In the early 1970s, Ram Dass taught workshops about conscious and dying aging throughout the United States. Elisabeth KÃÆ'¼bler-Ross is one of her students. Ram Dass helped create the Dead Project with its Executive Director Dale Borglum, whom he met in India. At the time, Borglum was also the Executive Director of the Hanuman Foundation. The Living/Dying Project, based in Marin, California beginning in 1986, was originally named Dying Center and is located in Santa Fe, New Mexico. The Dying Center is the first residential facility in the US where people come to die consciously.

Yayasan Cinta Melayani Remat is organized to preserve and continue the teachings of Neem Karoli Baba and Ram Dass. Ram Dass also serves on the faculty of the Metta Institute where he provides training on the caring and loving care of the dying.

During his life since the commencement of the Hanuman Foundation, Ram Dass has given all his book royalties and profits from teaching to other foundations and charities. The approximate amount of income he gives each year ranges from $ 100,000 to $ 800,000.

Comedian Pete Holmes hosts Buddhist teacher David Nichtern in new ...
src: www.lionsroar.com


Next life

At age 60, Ram Dass began exploring Judaism seriously for the first time. "My belief is that I was not born into Judaism by coincidence, so I need to find a way to respect that", he said. "From a Hindu perspective, you are born as what you need to handle, and if you just try and push it away, whatever it is, you have it."

Leary and Ram Dass, who had grown apart after Ram Dass lashed out at Leary in a 1974 press conference, reconciled in 1983 at Harvard (at a reunion for the 20th anniversary of their controversial dismissal from the Harvard faculty), and reunited before Leary's death in May 1996.
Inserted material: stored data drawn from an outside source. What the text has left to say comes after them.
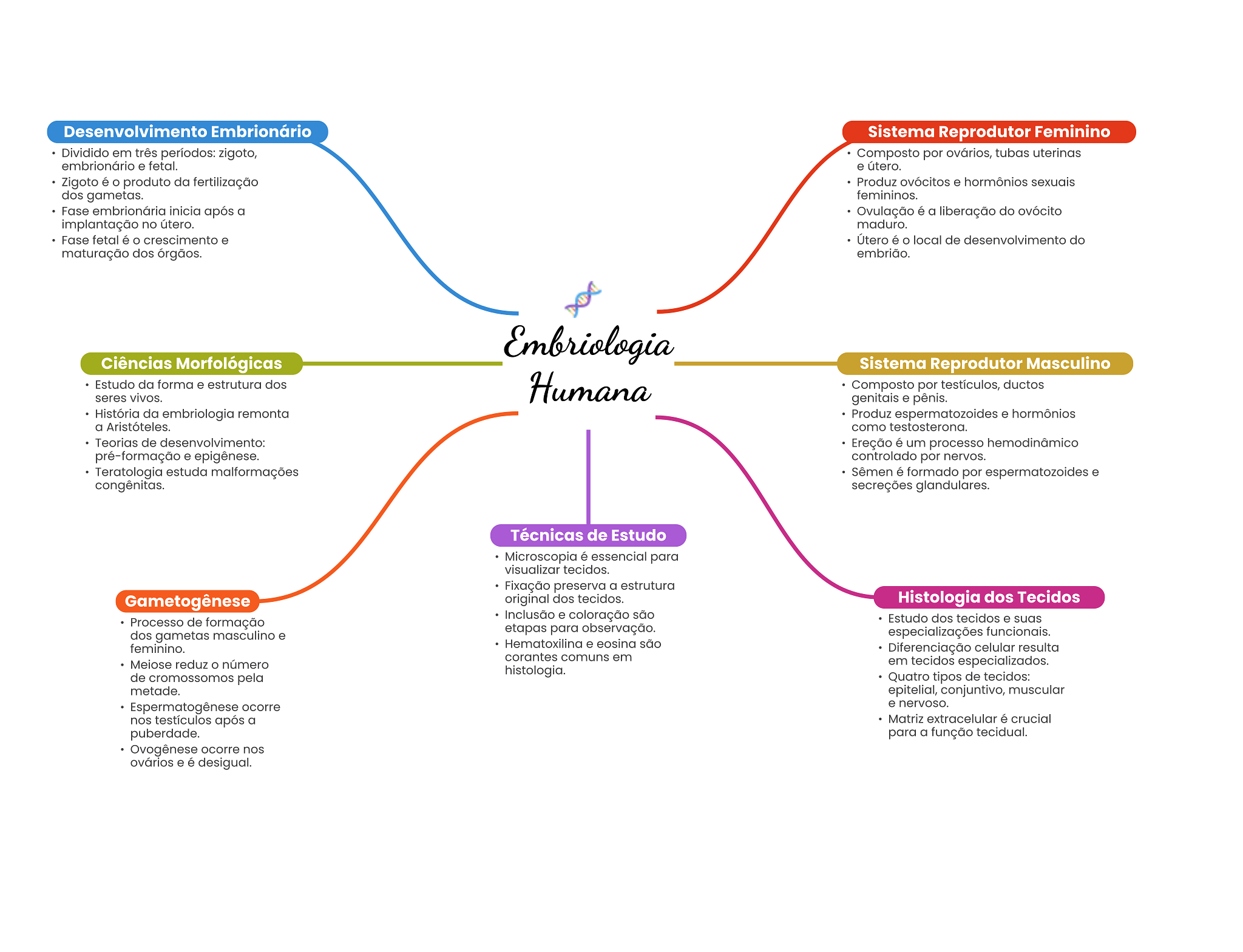 Desenvolvimento Embrionário Sistema Reprodutor Feminino Dividido em três períodos: zigoto, Composto por ovários, tubas uterinas embrionário e fetal. e útero. Zigoto é produto da fertilização Produz ovócitos e hormônios sexuais dos gametas. femininos. Fase embrionária inicia após a Ovulação é a liberação do ovócito implantação no útero. maduro. Fase fetal é crescimento e Útero é local de desenvolvimento do maturação dos órgãos. embrião. Embriologia Ciências Morfológicas Sistema Reprodutor Masculino Estudo da forma e estrutura dos seres vivos. Humana Composto por testículos, ductos genitais e pênis. História da embriologia remonta Produz espermatozoides e hormônios a Aristóteles. como testosterona. Teorias de desenvolvimento: Ereção é um processo hemodinâmico pré-formação e epigênese. controlado por nervos. Teratologia estuda malformações Sêmen é formado por espermatozoides e congênitas. secreções glandulares. Técnicas de Estudo Microscopia é essencial para visualizar tecidos. Fixação preserva a estrutura Gametogênese original dos tecidos. Histologia dos Tecidos Inclusão e coloração são Processo de formação Estudo dos tecidos e suas etapas para observação. dos gametas masculino e especializações funcionais. feminino. Hematoxilina e eosina são Diferenciação celular resulta corantes comuns em Meiose reduz número em tecidos especializados. histologia. de cromossomos pela Quatro tipos de tecidos: metade. epitelial, conjuntivo, muscular Espermatogênese ocorre e nervoso. nos testículos após a Matriz extracelular é crucial puberdade. para a função tecidual. Ovogênese ocorre nos ovários e é desigual.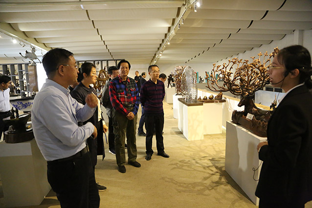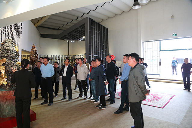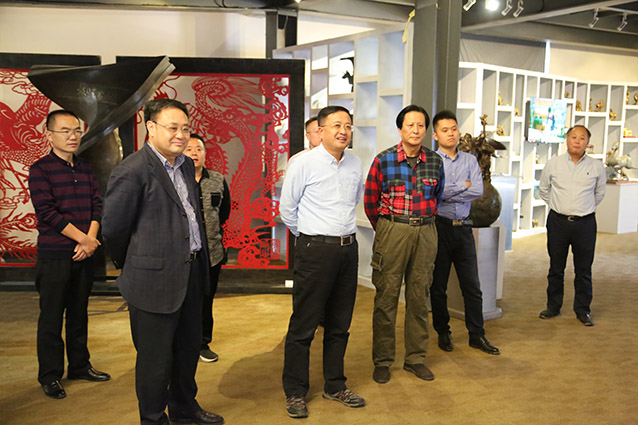 2019年10月12日,山东莒县副县长纪淑霞、文旅局局长高树华,在省住建厅王副厅长及省文化和旅游厅王春生副厅长的陪同下,来华艺安博买球参观指导。傅绍相介绍安博买球艺术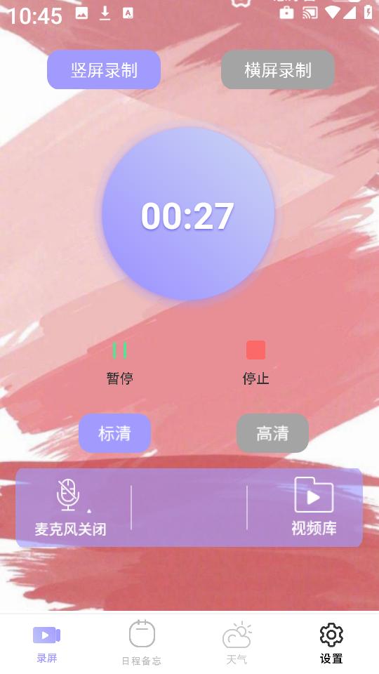 2、接着点击下方的“录屏”,支持竖屏以及横屏录制功能,如图所示。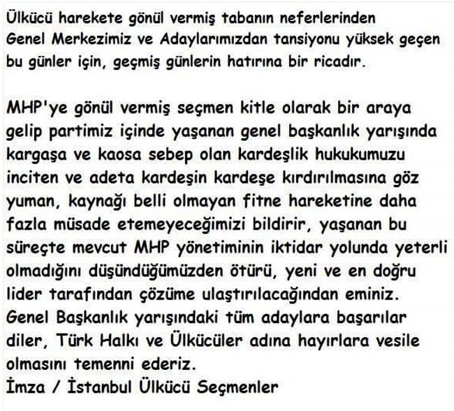 Öncelikle bu toplantıda MHP seçmenleri olarak gündemimizi parti içinde yaşanan Tüzük ve genel başkanlık yarışında kargaşa ve kaosa sebep olan söylemlerin yumuşatılması MHP için iktidar yolunda karşımıza çıkacak engellerin aşılmasıda mevcut yönetimin yeterli olmadığını, Ülkücü Tabanın ve Türkiye seçmenlerinin ortaya koyduğu yeni iradeye fırsat verilmesini düşündüğümüzden dolayı, Delegelerin-Halkın teveccüh ettiği, en doğru bir lider ve kadrosu tarafından çözüme ulaştırılacağına inanıyoruz.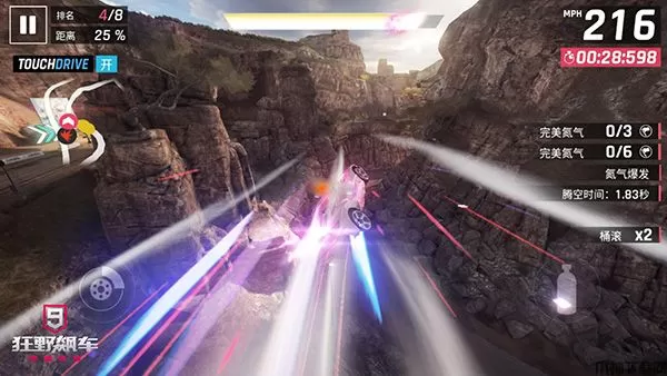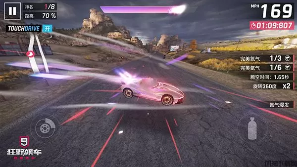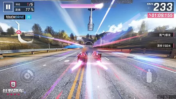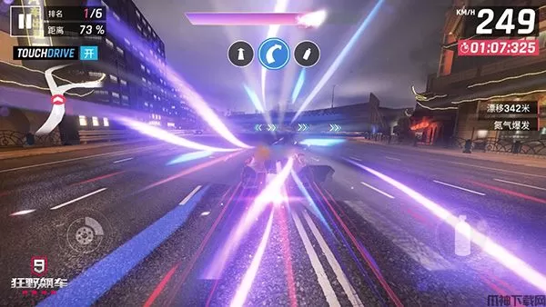 在这款游戏中,比赛是的一些细节做得非常不错,尤其是碰撞的时候,系统会给出慢放镜头供玩家欣赏。不过最喜欢的就是氮气加速时的效果,普通氮气和完美氮气都没有什么特殊的效果。唯独氮气爆发,在点击触发的时候,就像是在赛车前开了一个穿越的虫洞一般,在赛车奔跑时,紫色炫彩的流动线条,给玩家不一样的视觉体验。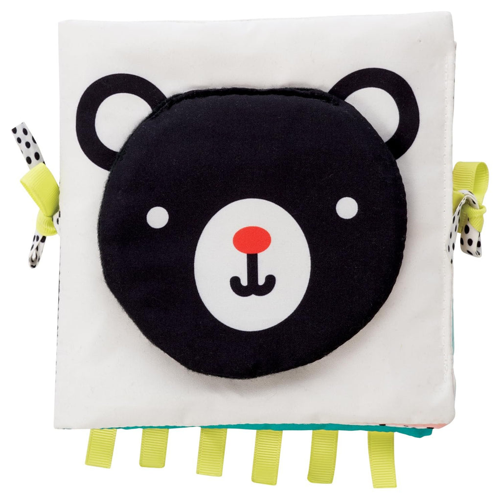 Compact for travel - great for the diaper bagHigh-contrast black and white + colored graphics for fostering baby’s vision progressionBaby-safe mirror for self-discovery and peek-a-boo playVariety of soft fabric textures and crinkle sounds for sensory discovery and auditory stimulationPeek-a-boo flaps, fabric ribbons, and a lightweight design offer an easy-to-grasp toy to help foster motor skill development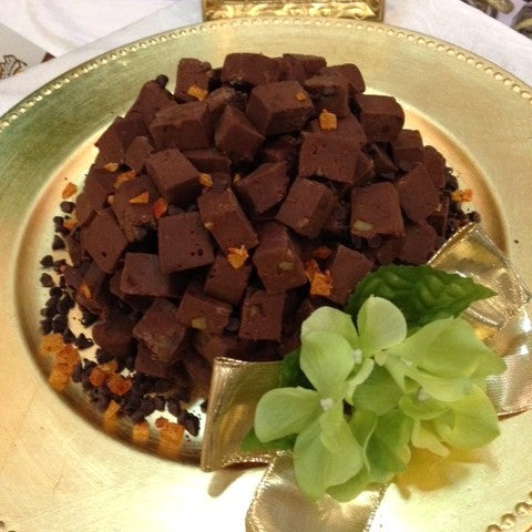 In multiples, for parties large or small, when you must try them all! 200 Bite size mini-blocks of Chocolate Silk tumbled sumptuously in a mound on a decorative acrylic tray. Please specify. White delivery box or clear cellophane gift wrap with gold appointments. Hint: Serve as hors d'oeuvres with decorative toothpicks displayed in shot glasses. Viola!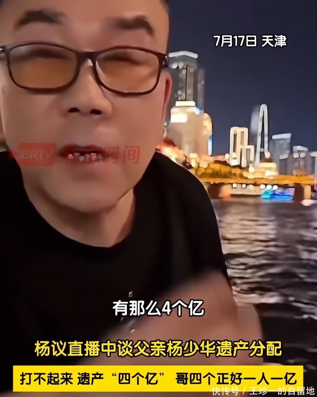 就在这两天,关于杨家的主要话题是杨议在直播中说杨少华留下了4亿遗产的事情,杨议说4亿遗产,他们兄弟4人一人分了一亿。
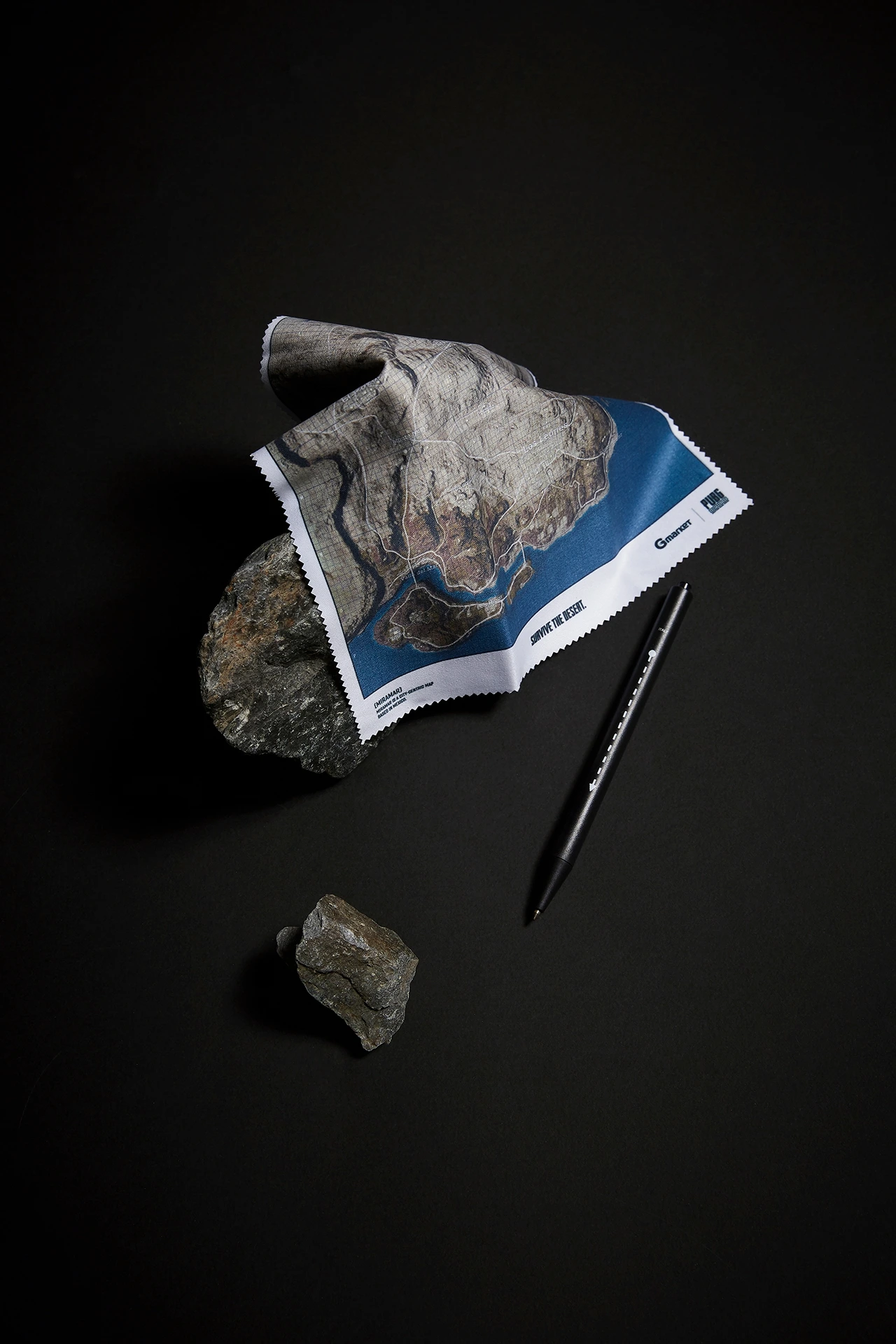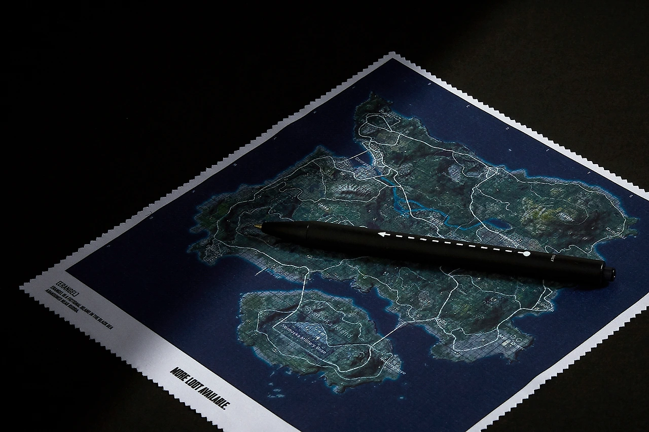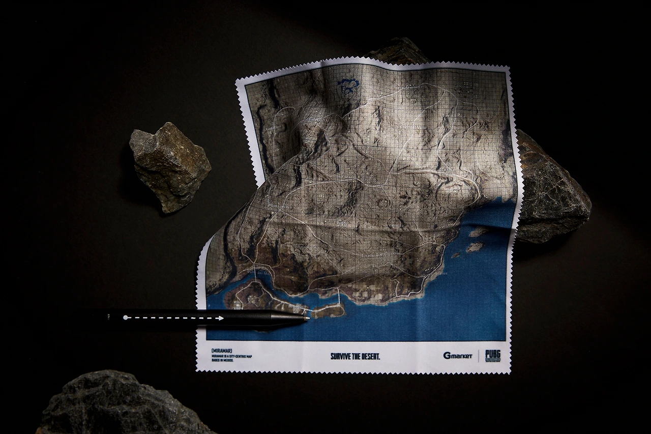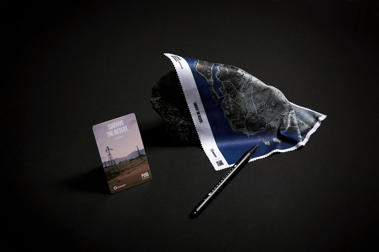 추가로 배틀그라운드 밴드와 스티커, 패션 마스크를 더해 품목을 구성했다. 실용성을 더하기 위해 맵은 액정클리너로 경로선은 볼펜으로 제작했다.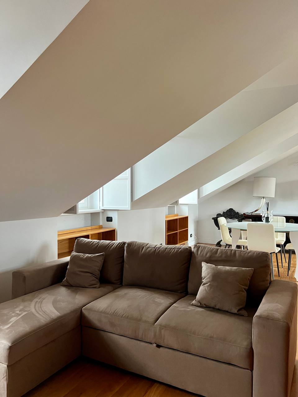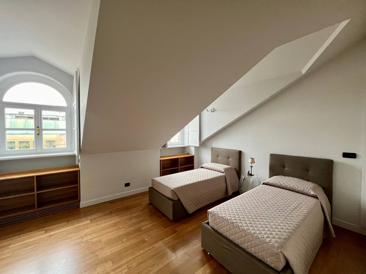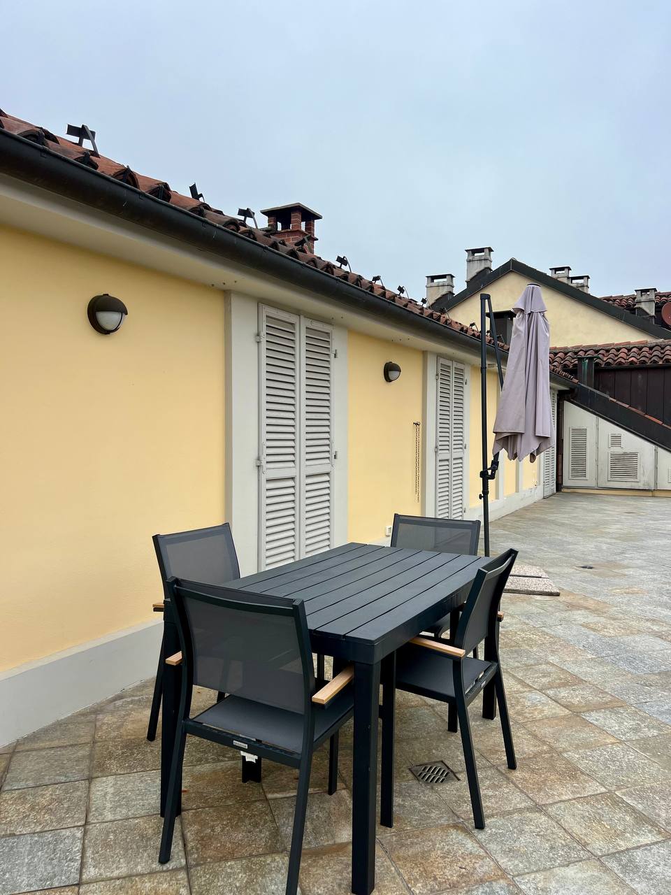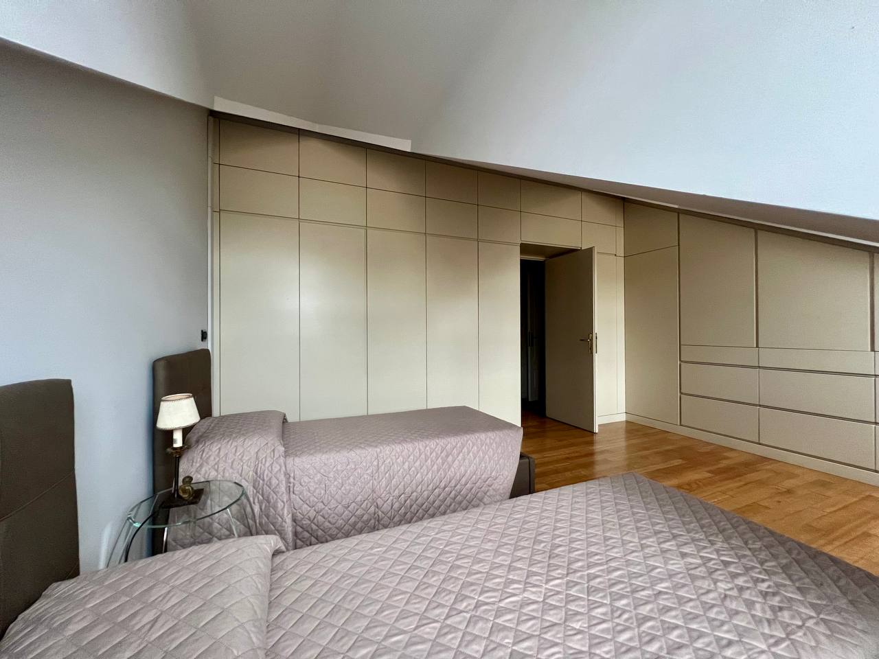 Appartamento sito all'ultimo piano di uno stabile signorile perfettamente curato nelle zone comuni, composto di ingresso su soggiorno living, cucina abitabile e attrezzata, due camere, due bagni e cabina armadio, oltre ad ampia terrazza che si affaccia sul tranquillo cortile interno. L'alloggio si trova all'ultimo piano mansardato ed è raggiungibile tramite ascensore e una breve rampa di scale da fare a piedi. L'alloggio viene affittato arredato e dispone di numerose armadiature a muro, sia nelle camere che nei disimpegni. Aria condizionata e riscaldamento autonomo. Doppia esposizione est-ovest e piano alto rendono l'alloggio particolarmente luminoso. Servizio di portineria intera giornata. Zona centralissima. Canone mensile pari a 3.000,00 euro + 180,00 euro al mese di spese condominiali. Disponibilità di due box auto singoli nello stabile aggiungendo 200,00 euro al mese per ciascuno.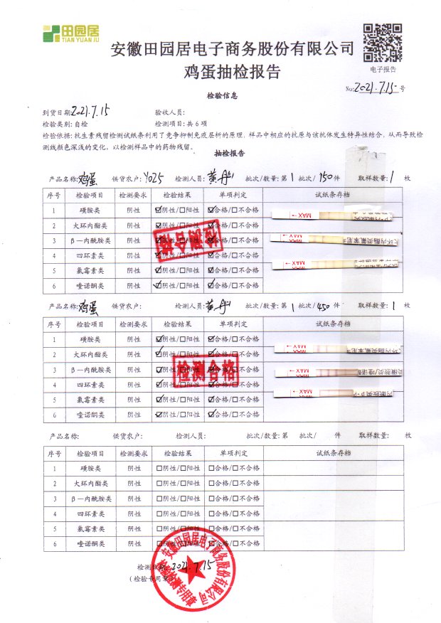 2021年7月12號鮮雞蛋檢測報告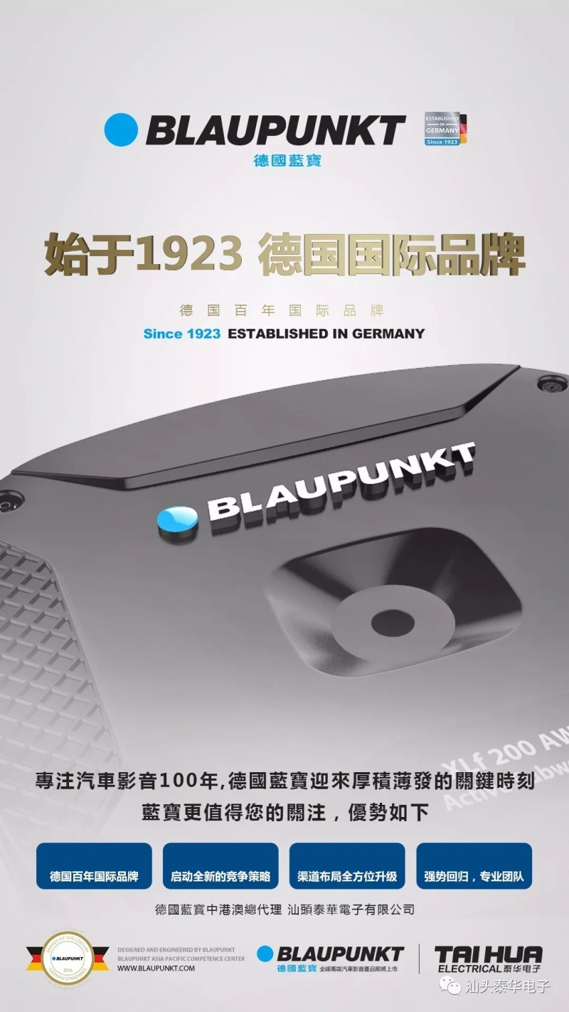 德國藍寶(BLAUPUNKT)或許您還不熟悉,但在汽車音響國際中,已是赫赫有名。在2016年它即以實力甄選,在約250個國際品牌幸運入選“明星品牌”榜首,以德國百年品牌入選名單中。德國藍寶(BLAUPUNKT)以高雅、簡約的設(shè)計卓越榮獲全球眾多發(fā)燒友的喜愛,

In February 1997, Ram Dass suffered a stroke that made him suffer from expressive aphasia, which he interpreted as an act of grace. He states, "That stroke gives me a lesson, and I realize it's a powerful gift... Death is the biggest change we'll face, so we need to practice change." She lives in Maui and has not left the Hawaiian Islands since 2004, when she nearly died of infection following her trip to India. However, he continues to make public appearances and speak in small places; he held a retreat on Maui; and he continues to teach via the live webcast. When asked if she could sum up her life message, she replied, "I help others as a way to work on myself, and I work on myself to help people... for me, that's the purpose of the game in progress. " Ram Dass was awarded the Peace Abbey Courage of Conscience Award in August 1991.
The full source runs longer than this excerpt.